Sorry I wasn't around yesterday...but I'm nursing a case of Smoke Inhalation.







(DW loves it when I can't speak!)


----------



## DANJOGAVINMO (Apr 17, 2004)

Just ordered a nice Honeywell oscillating ceramic heater with thermostat and remote. Honeywell seemed to get good reviews online.

http://www.honeywellconsumerproducts.com/H...?modelnum=HZ365

Paid $46 on amazon.com

At the price of propane these days I think I'll recoup the cost pretty quickly, especially given the high quantity of spring camping trips we are doing lately. Plus think of the peaceful sleep I'll be getting









I think the furnace is good to have around for really cold nights or to heat up fast, but I am thinking we will use this electric heater for most of our heating going forward.

Danny


----------



## HootBob (Apr 26, 2004)

Our furnace is also loud, But I warm at night.
Besides we a 14 12 9 year olds that are always going at it.
So noise is not a problem








Don


----------



## NDJollyMon (Aug 22, 2003)

Dan..
That looks like a really nice one. Maybe it's time to UPGRADE ours!
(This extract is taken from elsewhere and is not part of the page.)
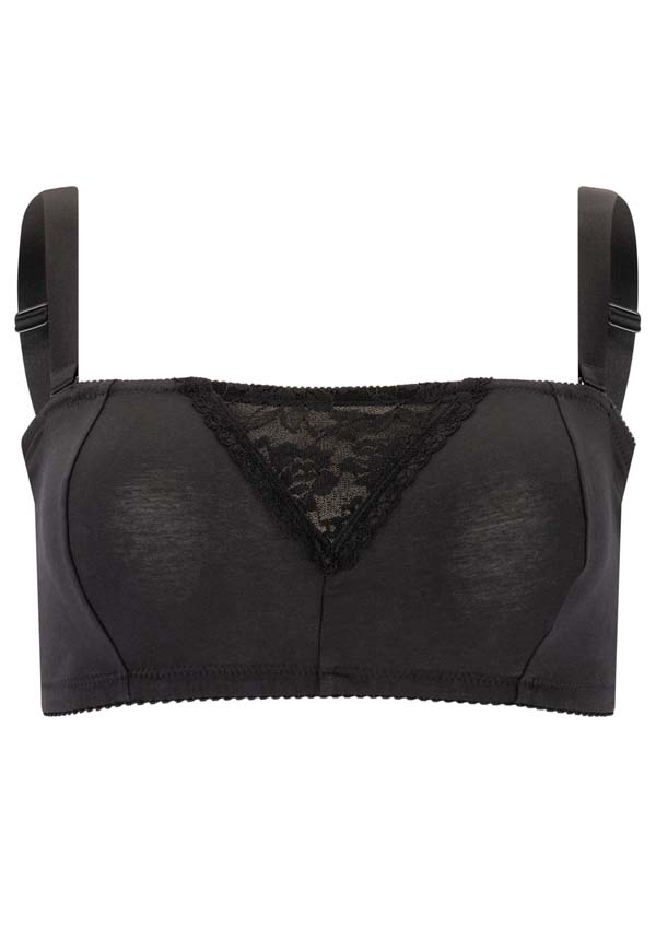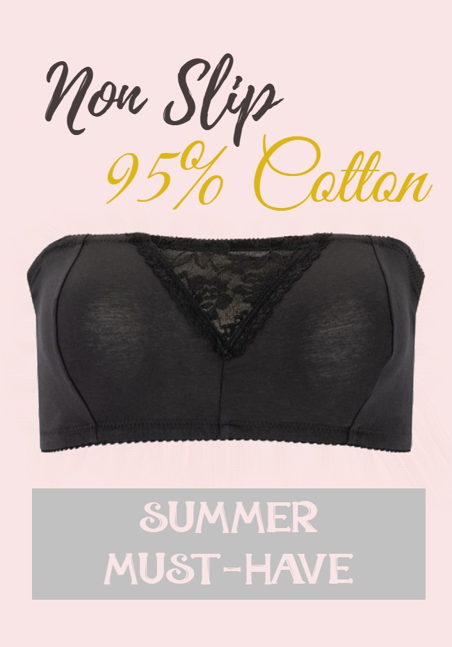 A cotton lace bandeau bra with removable straps and silicone edging on top to ensures no slippage in this unpadded, non-wired bra.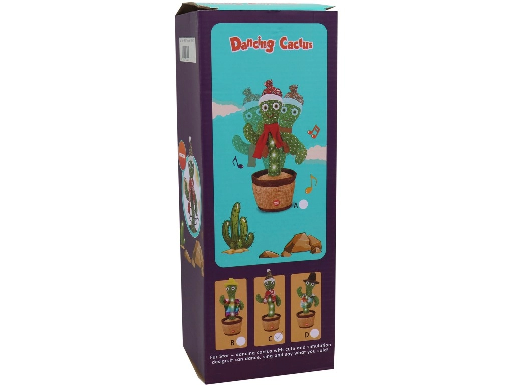 Ta veseli kaktus je idealen spremljevalec za trenutke zabave. Po vklopu se začne vrteti v ples, zasveti in zna ponoviti vse, kar sliši. Zaradi enostavnega upravljanja je primeren za otroke od 3. leta dalje in je odlična izbira za izvirno darilo.

Is that a remote control I see???


----------



## rmcculloch (Aug 21, 2004)

I voted no, although it does wake me up, but I just roll over and go back to sleep. I can relate Jolly, but the calls for usually for the engine (I'm on the truck), so I just roll over and go to sleep. Maybe that's why the furnace doesn't bother me!


----------



## aplvlykat (Jan 25, 2004)

I voted that the thing is to loud. Personally I think the thing is to big. Instead of a 30,000 btu unit they should have used a 24,000 or 18,000 btu system which ever one has a smaller blower, so what if it runs a little longer as long as it is quiet. Bigger isn't always better sometimes, Kirk


----------



## Nickens (Oct 6, 2005)

Not an active thread, but it's important to us as new Outback owners...

I think the furnace in my new 28RSS is too noisy and has excess vibration (I can feel it in the Qn bunk). My last trailer had a forced-air Atwood furnace that pretty quiet, about as quiet as the home furnace. After it died, I put in an SF-20 which was oversized for the trailer, but it was still half as quiet as the SF30 (I think) that in our Outback.

No reason for a furnace to be as load a truck idling in the next site. Would love to hear some "silence" on this one!


----------



## Moosegut (Sep 24, 2005)

Nickens said:


> I think the furnace in my new 28RSS is too noisy and has excess vibration (I can feel it in the Qn bunk). [snapback]59973[/snapback]​


Mine is VERY loud and vibrates horribly. When I step on the floor in front of the couch the vibration gets worse. I'm planning on pulling the couch and doing something to dampen the vibration - rubber dampers or something. Won't know til I take a look. But my vote is LOUD.

Scott


----------



## drose (Jul 26, 2005)

Used ours for the first time the last 2 nights of camping 9 days for muzzelloading season. The first night it bothered me the second I was a little more used to it. Agree it is to loud.


----------



## glennsteers (Apr 25, 2005)

I actually used it for the second time since I've had the trailer (1st time was in May) and it woke me up every time it kicked on at night. My trips heard nothing as they couldn't really hear it in the bunkhouse with the curtain closed and bathroom door open to reduce sound and light.

I did learn to keep the AC fan on low so that it was a constant drone and didn't wake me when the AC compressor kicked in. I think someone shared a similar strategy with the furnace, but the only option when you're in "furnace mode" is "auto." Anyone have any cheats, tips or ideas to reduce the heater bomb drop?


----------